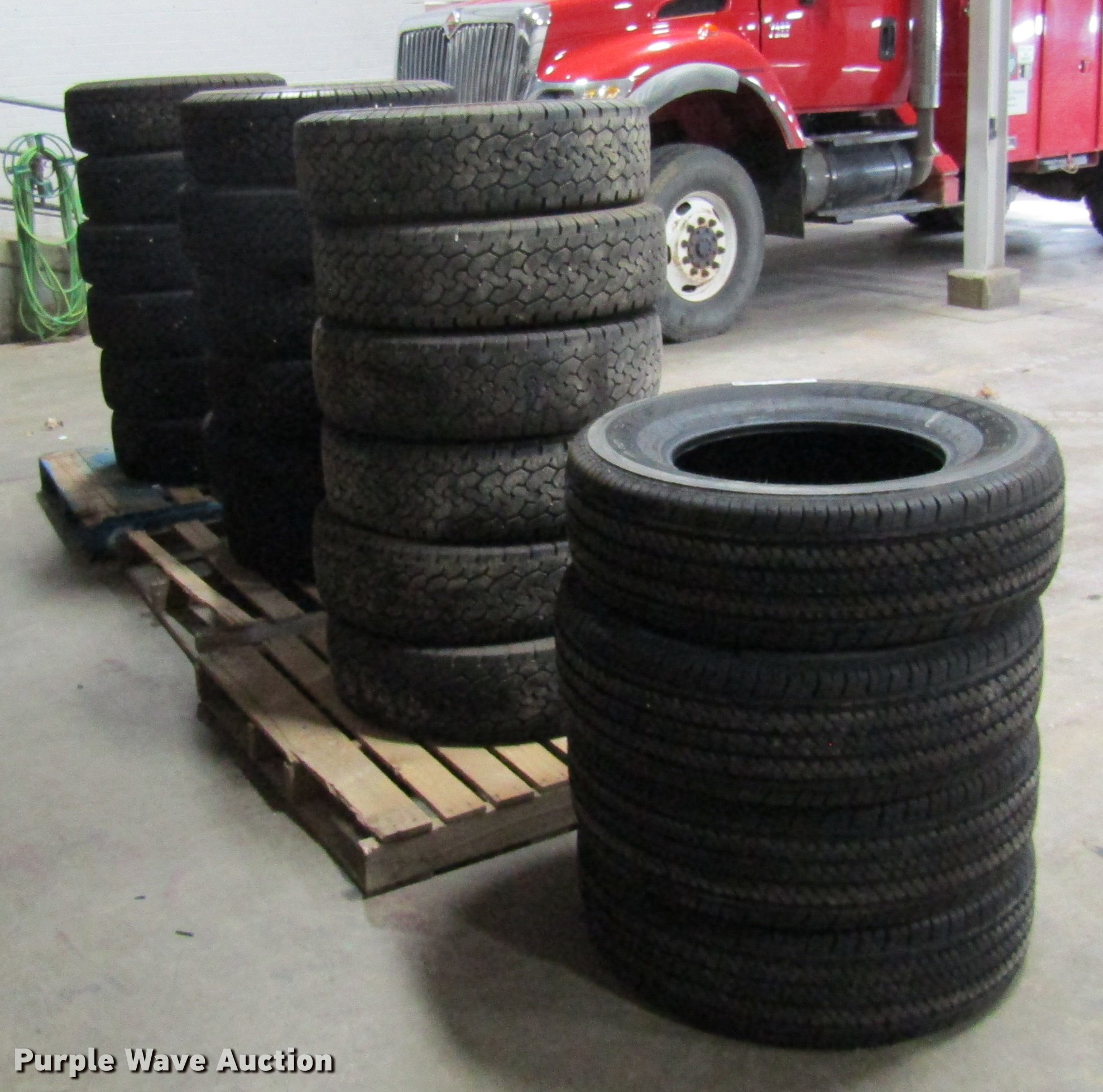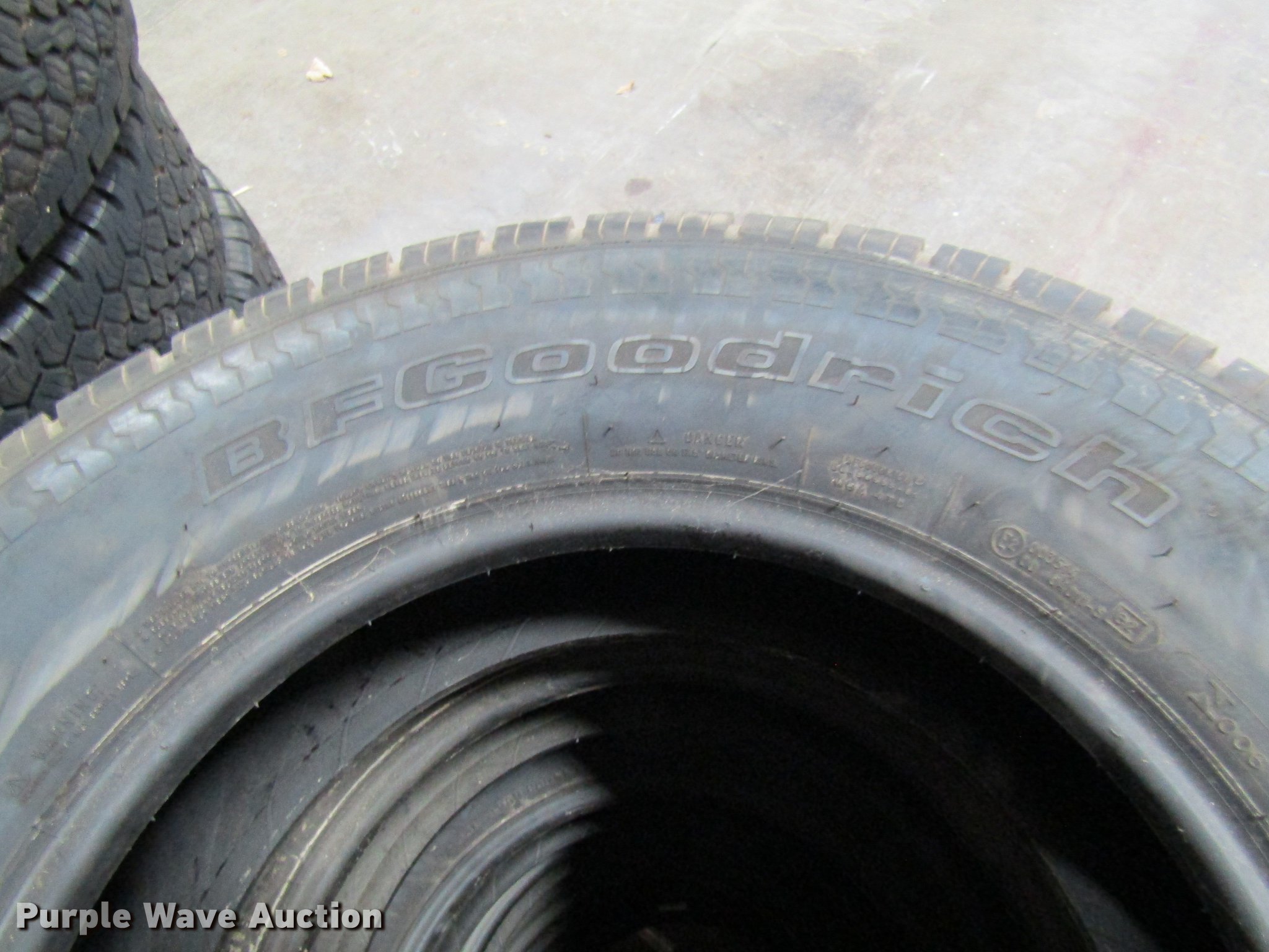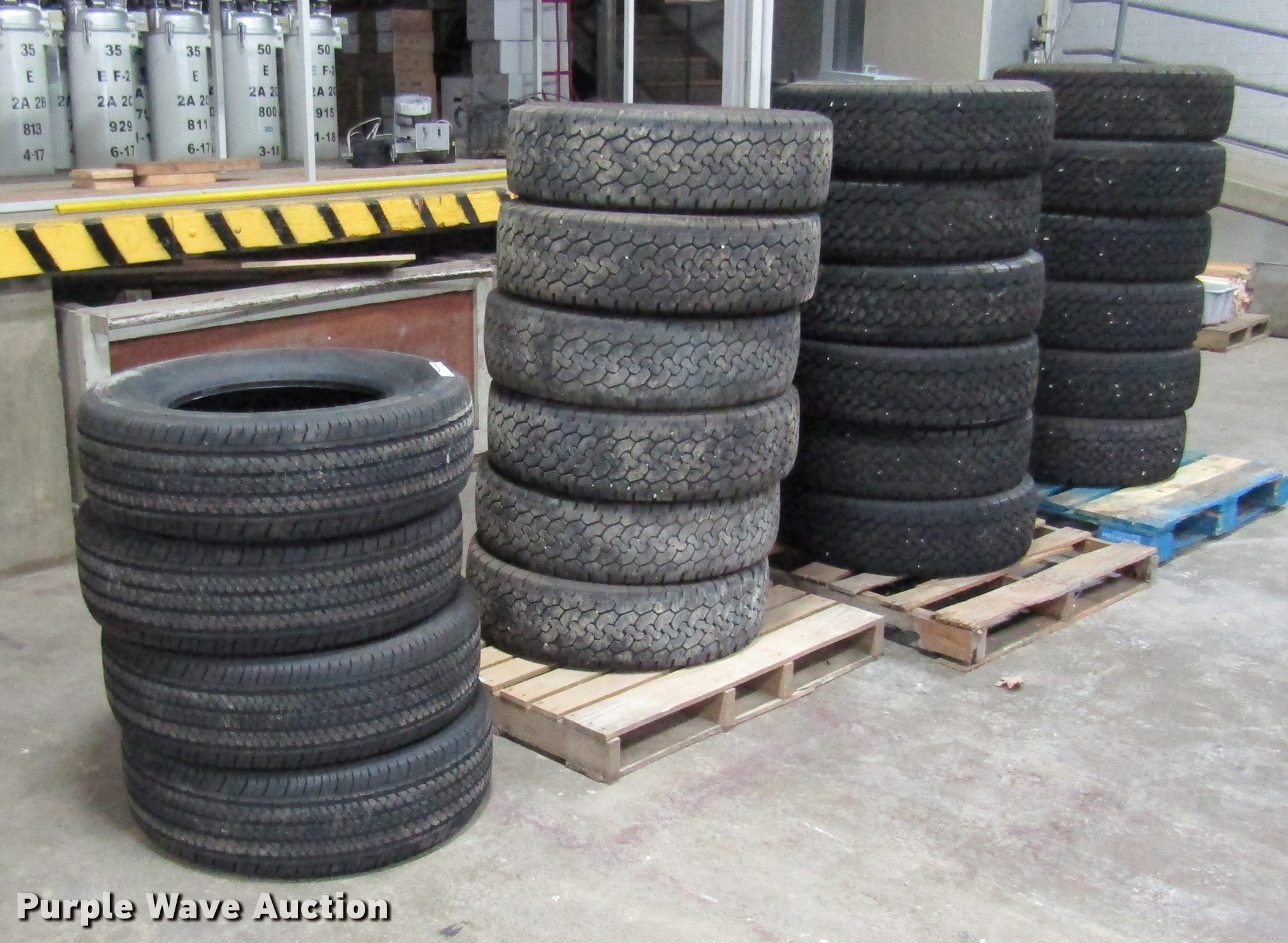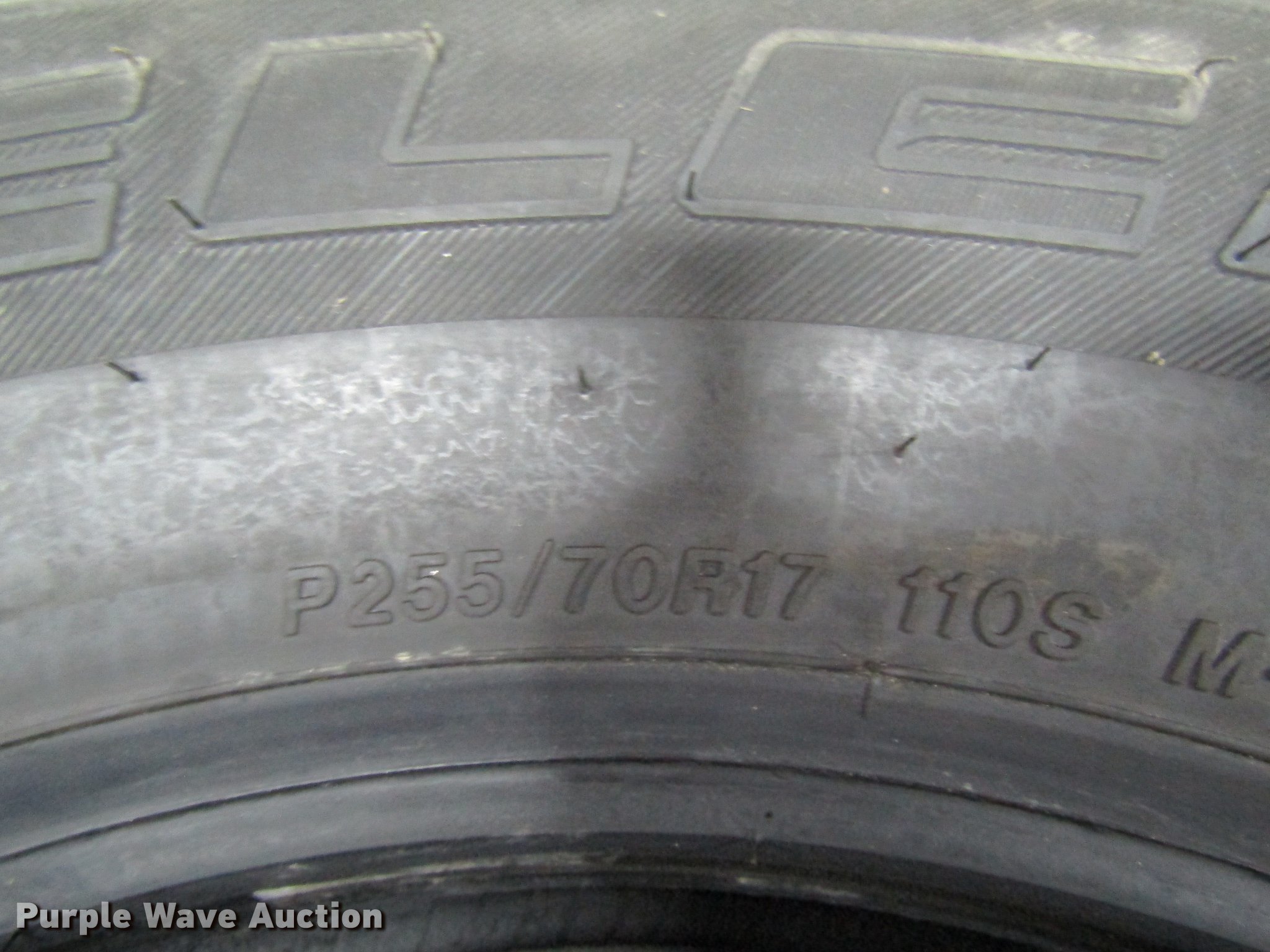 Purple Wave is selling a used Fleet Tires in Missouri. This item is a (22) tires with the following: (4) Bridgestone P255/70R17, (18) B.F. Goodrich LT245/75R17
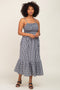 A striped, solid hue maternity midi dress featuring a squared neckline, 3/4 cinched sleeves, a partially smocked back, and a tiered hem.
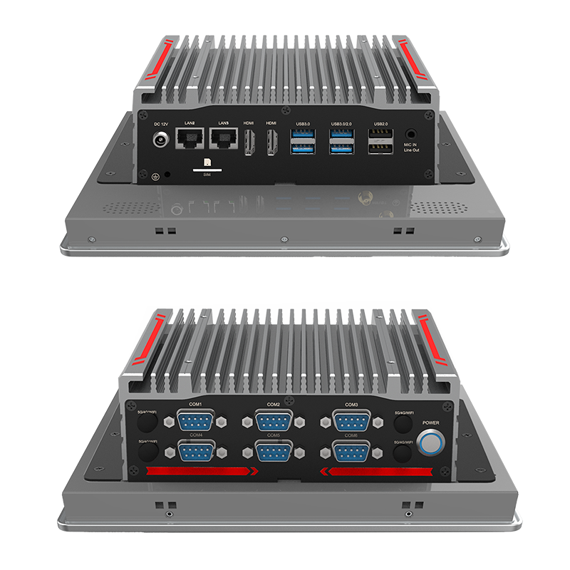 外觀時尚:鋁合金一體成型,結構緊湊小巧,工藝精細,科技時尚低功耗:英特爾® 賽揚® J6412 板載處理器,TDP 10W穩定可靠:純工業設計,優良的散熱結構,全密封鋁合金箱體,大面積鋁鰭散熱,機箱可抗接觸式6KV強電磁干擾接口豐富: 2*HDMI,2*LAN(Intel I225),6*COM,3*USB3.0,3*USB2.0,1*SIM槽,1*2.5寸硬盤位,1*音頻Line-Out+MIC二合一(OMTP國家標準),1*M.2(Key-M,2280,PCIE x2 NVME SDD),1*M.2(Key-B,3052,USB3.0+USB2.0支持4G、5G模塊),1*MPCIE(全高,PCIE+USB2.0,支持WIFI+BT/網卡),2*天線孔(WiFi與4G二選一)界面友好:純屏10點工規電容觸控,操作更便利

*-*-*

# WORK TO BE COMPLETED:
Return the listing above in full and unaltered. Keep the pictures out.

# EXPECTED OUTPUT:
 Purple Wave is selling a used Fleet Tires in Missouri. This item is a (22) tires with the following: (4) Bridgestone P255/70R17, (18) B.F. Goodrich LT245/75R17
 A striped, solid hue maternity midi dress featuring a squared neckline, 3/4 cinched sleeves, a partially smocked back, and a tiered hem.
 外觀時尚:鋁合金一體成型,結構緊湊小巧,工藝精細,科技時尚低功耗:英特爾® 賽揚® J6412 板載處理器,TDP 10W穩定可靠:純工業設計,優良的散熱結構,全密封鋁合金箱體,大面積鋁鰭散熱,機箱可抗接觸式6KV強電磁干擾接口豐富: 2*HDMI,2*LAN(Intel I225),6*COM,3*USB3.0,3*USB2.0,1*SIM槽,1*2.5寸硬盤位,1*音頻Line-Out+MIC二合一(OMTP國家標準),1*M.2(Key-M,2280,PCIE x2 NVME SDD),1*M.2(Key-B,3052,USB3.0+USB2.0支持4G、5G模塊),1*MPCIE(全高,PCIE+USB2.0,支持WIFI+BT/網卡),2*天線孔(WiFi與4G二選一)界面友好:純屏10點工規電容觸控,操作更便利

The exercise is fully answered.